Transfections were performed prior to differentiation by incubation for 24 h of preconfluent cells with a mix of three Stealth siRNAs targeted against Fto/FTO (designed to span multiple exons) or three nontargeted controls with Lipofectamine 2000 (40 nM siRNA) or Lipofectamine 3000 (75 nM siRNA). Fto/protein tyrosine phosphatase, receptor type, V (Ptprv) and Fto/spondin 2 (Spon2) double knockdowns were performed by adding a single Stealth siRNA against Ptprv or Spon2 to the mix of three anti-Fto siRNAs (all predesigned by Thermo Fisher). Knockdown of Fto in mature adipocytes was achieved by electroporation (4446) using the same siRNAs after 3T3-L1 cells had been differentiated.

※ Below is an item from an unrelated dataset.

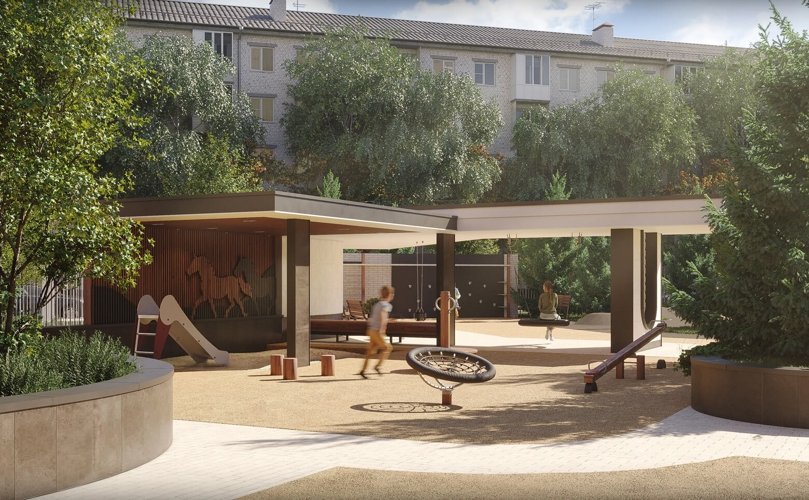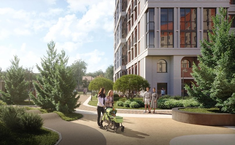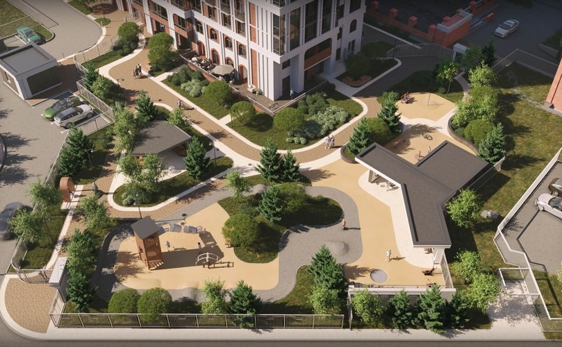 Пространство разделено исходя из потребностей детей и взрослых: есть и игровые площадки, и тихие зоны среди деревьев. А благодаря отсутствию вблизи дома широких дорог, во дворе будет спокойно и комфортно.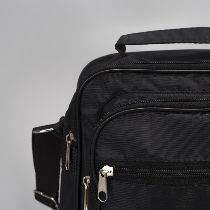 Сумка мужская, отдел на молнии, 2 наружных кармана, регулируемый ремень, цвет чёрный

RNA expression studies, RNA-Seq, and m6A RNA immunoprecipitation

Total RNA was isolated using the RNeasy lipid tissue mini kit and columns were treated with DNase (both Qiagen). cDNA was reverse transcribed with the Transcriptor First Strand cDNA synthesis kit (Roche) using both OligoDT and random hexamer primers. Quantitative real-time PCR (qPCR) was performed on a LightCycler 480 using SYBR Green I Master (Roche). Analysis was performed by the LightCycler 480 software (Roche) using the second derivative maximum calculation based on a standard curve. qPCR primers were designed using Primer 3 (http://bioinfo.ut.ee/primer3/) to span exon-exon junctions and are provided in supplemental Tables S1 and S2. Analysis of mRNA in Fto/FTO knockdown experiments in vitro was normalized to Rplp0/RPLP0 unless otherwise indicated.

Sample integrity for RNA utilized for RNA-Seq was assessed with an Agilent 2100 bioanalyzer. All samples had RIN numbers greater than 8.0. mRNA was isolated using poly-A pulldown and reverse transcribed to generate cDNA (47). cDNA was sequenced using single-ended sequencing on a HiSeq2000 according to the manufacturer’s recommendations (Illumina) at the Columbia Genome Center, 1 × 100 bp read length, 30 M read count. The pass filter reads were mapped to mouse reference genome mm9 using TopHat (version 2.0.11; https://ccb.jhu.edu/software/tophat/index.shtml). TopHat infers novel exon-exon junctions and combines them with junctions from known mRNA sequences as the reference annotation. For each read, up to three mismatches and 10 multiple hits were allowed during mapping. FPKM values indicating relative abundance were estimated using Cufflinks software (version 2.2.1; http://cole-trapnell-lab.github.io/cufflinks/). Only transcripts with FPKM values that were verified as acceptable in at least three of four replicates with average FPKM values of all replicates in both conditions (siCtr and siFto) >1 were considered. Transcripts with average FPKM values below 1 were excluded from data analyses, but included in adjustments for multiple testings.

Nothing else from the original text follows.